From the entries below, write out exactly the lines between the line holding "大きくなったなすびの収獲です。" and the line holding "A printed woven", inclusive, excluding any pictures.
START GIVEN DATA
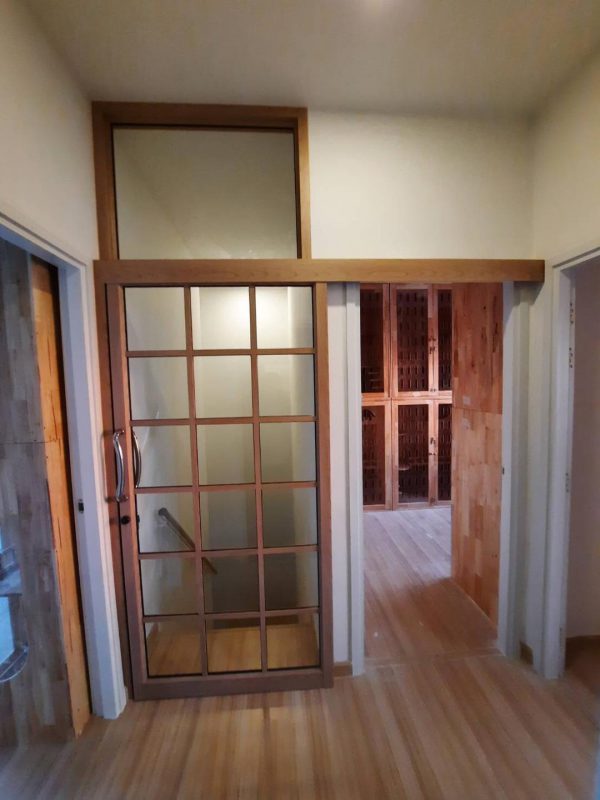 ประตูบานเลื่อนรางแขวนบน พร้อมช่องแสง และลูกฟูกล่าง
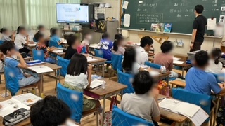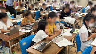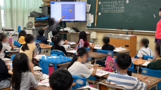 上段は1組、算数の学習で余りのある計算問題に取り組んでいました。中段は2組、理科のプリントをした後、タブレット端末のアプリで理科の問題に取り組んでいました。下段は3組、算数の問題で、自分がどう考えたかを発表するのに、モニターにノートを写し、それを示しながら説明していました。
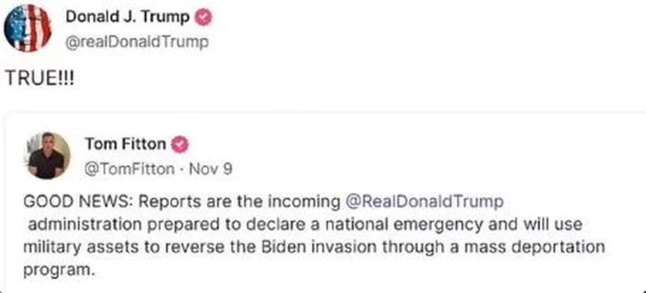 ABD’nin 47’nci başkanı Donald Trump Ulusal Acil Durum ilan ederek orduya göçmenleri sınır dışı etme talimatı vereceğini doğruladı. Trump mesajında 'Judicial Watch’ Başkanı Tom Fitton'un paylaştığı ''Trump, ulusal acil durum ilan ederek mültecilerin toplu sınır dışı edilmesinde orduya başvuracak'' sözlerini alıntılayarak ''Doğru'' dedi.
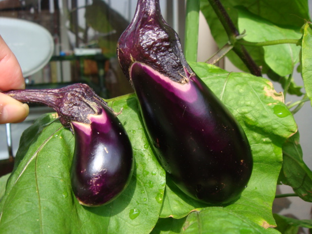 大きくなったなすびの収獲です。
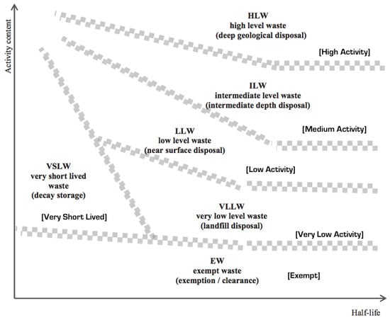 Radioactive waste classification as IAEA General Safety Guide 1. In square brackets the Italian definition. HLW: high level waste, ILW: intermediate level waste, LLW: low level waste, VLLW: very low level waste, VSLW: very short lived waste, EW: exempt waste.
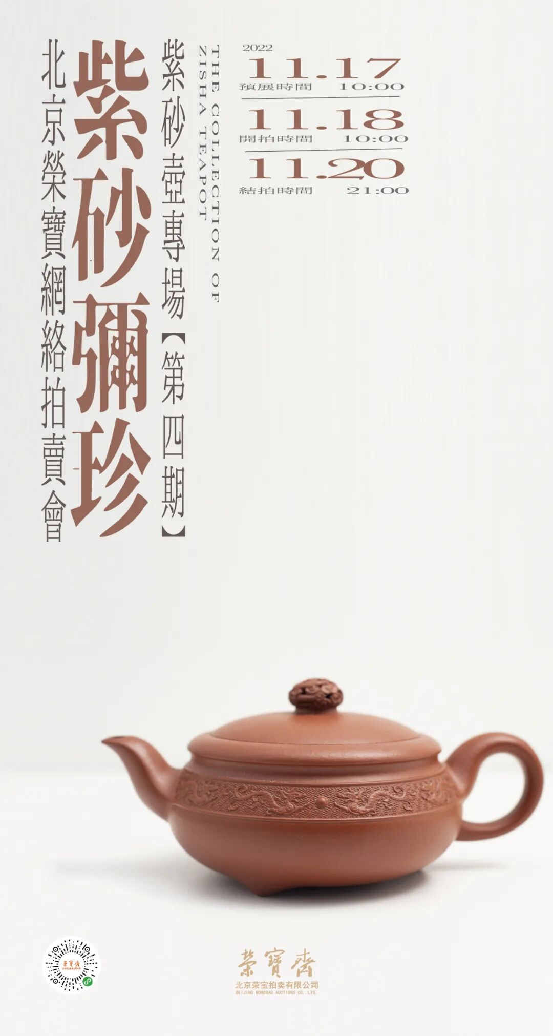 北京荣宝——紫砂弥珍·紫砂壶专场网络拍卖会(第四期)将于11月17日10:00—11月18日10:00开启线上预展,并于11月18日10:00开拍,11月20日21:00结拍。
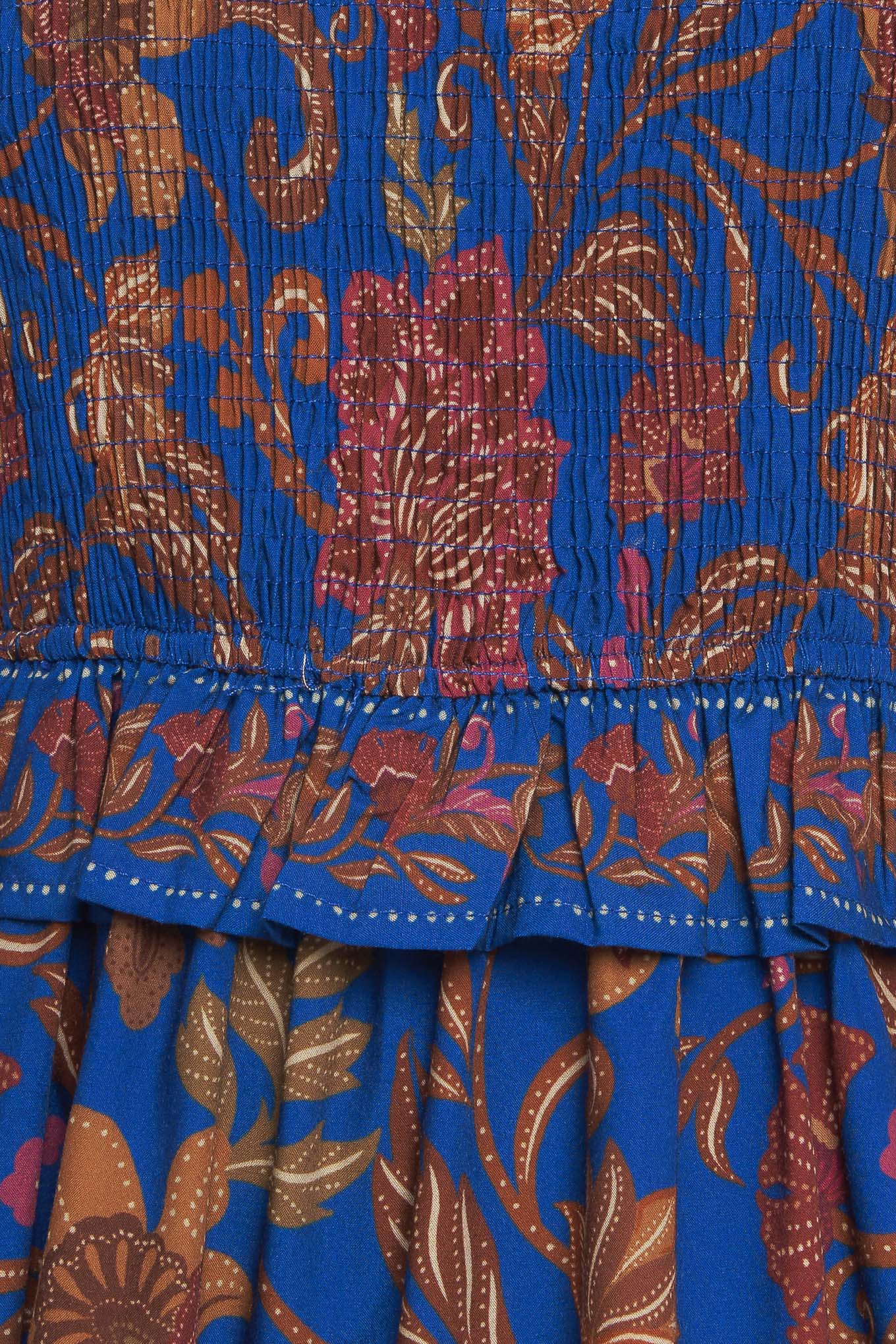 A printed woven midi dress featuring round neckline, smocked bodice, short puff sleeve, tiered skirt with ruffles and back neck button closure
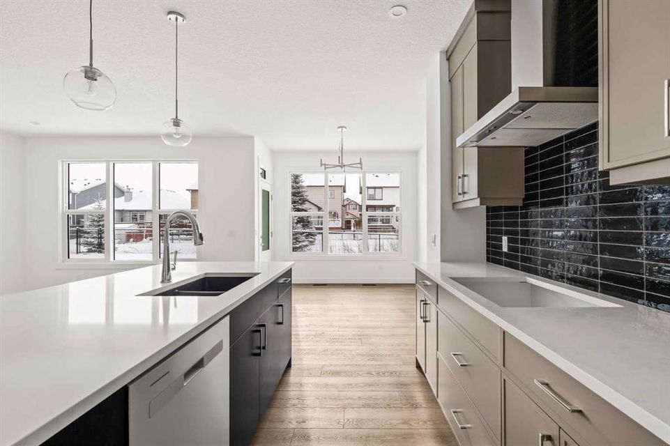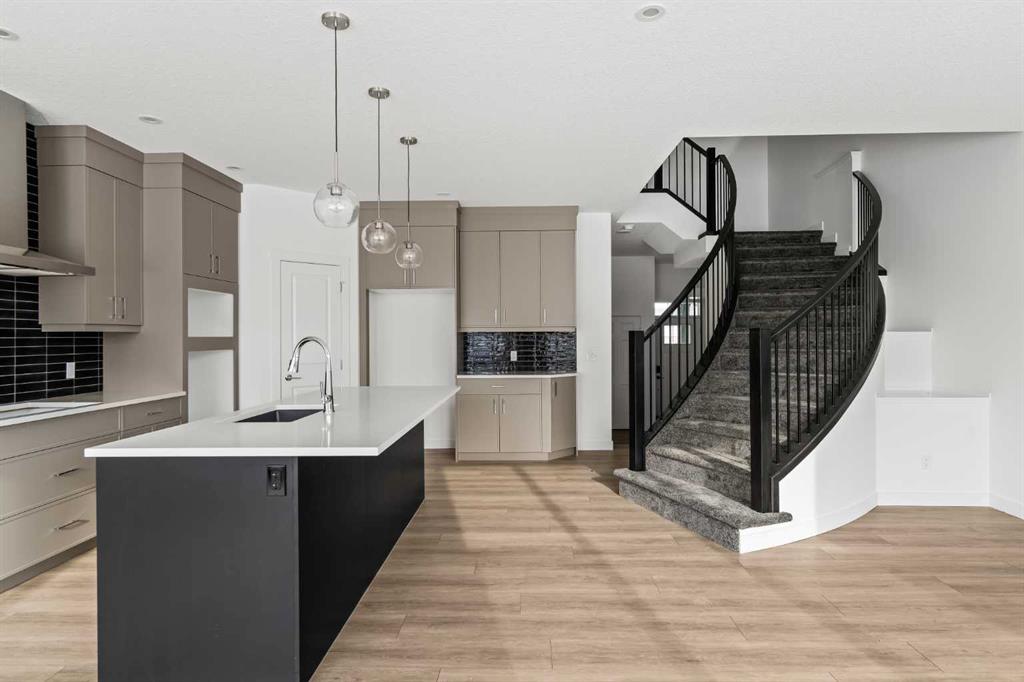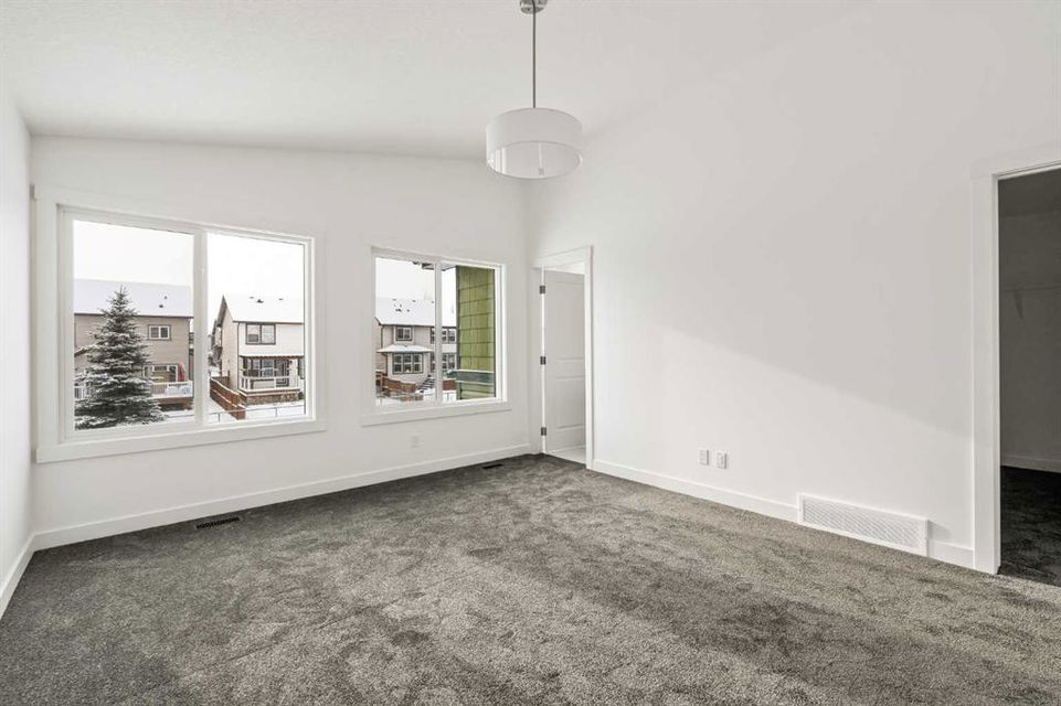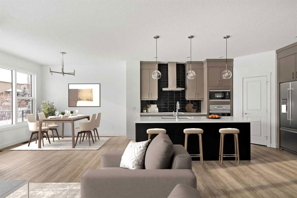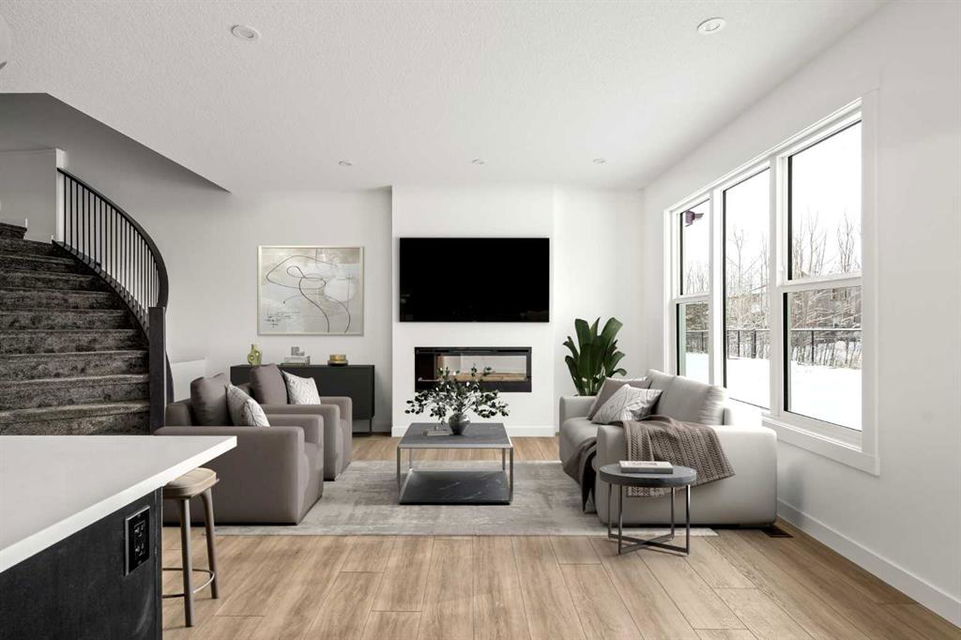 Welcome to The Robson 24 in Silver Spruce – a stunning brand-new home showcasing a timeless Heritage elevation, exceptional architectural details, and over 2,250 sq. ft. of beautifully designed living space above grade, plus an undeveloped basement ready for your future vision. Situated on a premium lot with a south-facing backyard that backs onto a pathway – offering additional privacy and optimal sunshine all year long. Inside, you’re immediately greeted by a large and bright foyer with views into the open concept main level living area that is accented by a dramatic curved central staircase – a striking architectural feature rarely found in homes of this size. Warm luxury vinyl plank flooring flows seamlessly throughout the main level and is the perfect choice for those with children and pets due to its incredible durability. The gourmet kitchen is both stylish and functional, featuring a chimney-style hood fan, built-in cooktop, built-in oven and microwave, rich micro-shaker cabinetry, a statement accent island, and a spacious corner pantry. Designed for both entertaining and everyday living, the kitchen opens effortlessly into the dining area and inviting great room. Expansive windows fill the home with natural light, enhanced by the sunny south-facing backyard that backs onto a pathway. The main living area is anchored by a cozy central fireplace, creating a warm and welcoming space for gatherings year-round. A versatile main-floor flex room offers the perfect spot for a home office, guest bedroom, or playroom, conveniently located next to a full bathroom with a tub/shower. Natural wood and iron spindle railings lead up the spiral staircase to a thoughtfully designed bonus room that provides privacy between the primary suite and secondary bedrooms – ideal for families. The spacious primary retreat impresses with a soaring vaulted ceiling, a large walk-in closet, and a luxurious 5-piece ensuite complete with dual sinks, a deep soaker tub, and a walk-in tiled shower. Two additional bedrooms, a full bathroom, and an upper-floor laundry room complete this level, offering both comfort and convenience. The lower level includes bathroom rough-ins and awaits your personal touch, making it easy to expand your living space in the future. A double attached garage keeps vehicles and valuables secure year-round, while the home itself is protected by a comprehensive 2-year builder warranty and the Alberta New Home Warranty for added peace of mind. Move in now and experience the perfect blend of thoughtful design, modern finishes, and everyday functionality in this stunning new home!
END GIVEN DATA
▶ [PROBLEM SOLUTION]
 大きくなったなすびの収獲です。
 Radioactive waste classification as IAEA General Safety Guide 1. In square brackets the Italian definition. HLW: high level waste, ILW: intermediate level waste, LLW: low level waste, VLLW: very low level waste, VSLW: very short lived waste, EW: exempt waste.
 北京荣宝——紫砂弥珍·紫砂壶专场网络拍卖会(第四期)将于11月17日10:00—11月18日10:00开启线上预展,并于11月18日10:00开拍,11月20日21:00结拍。
 A printed woven midi dress featuring round neckline, smocked bodice, short puff sleeve, tiered skirt with ruffles and back neck button closure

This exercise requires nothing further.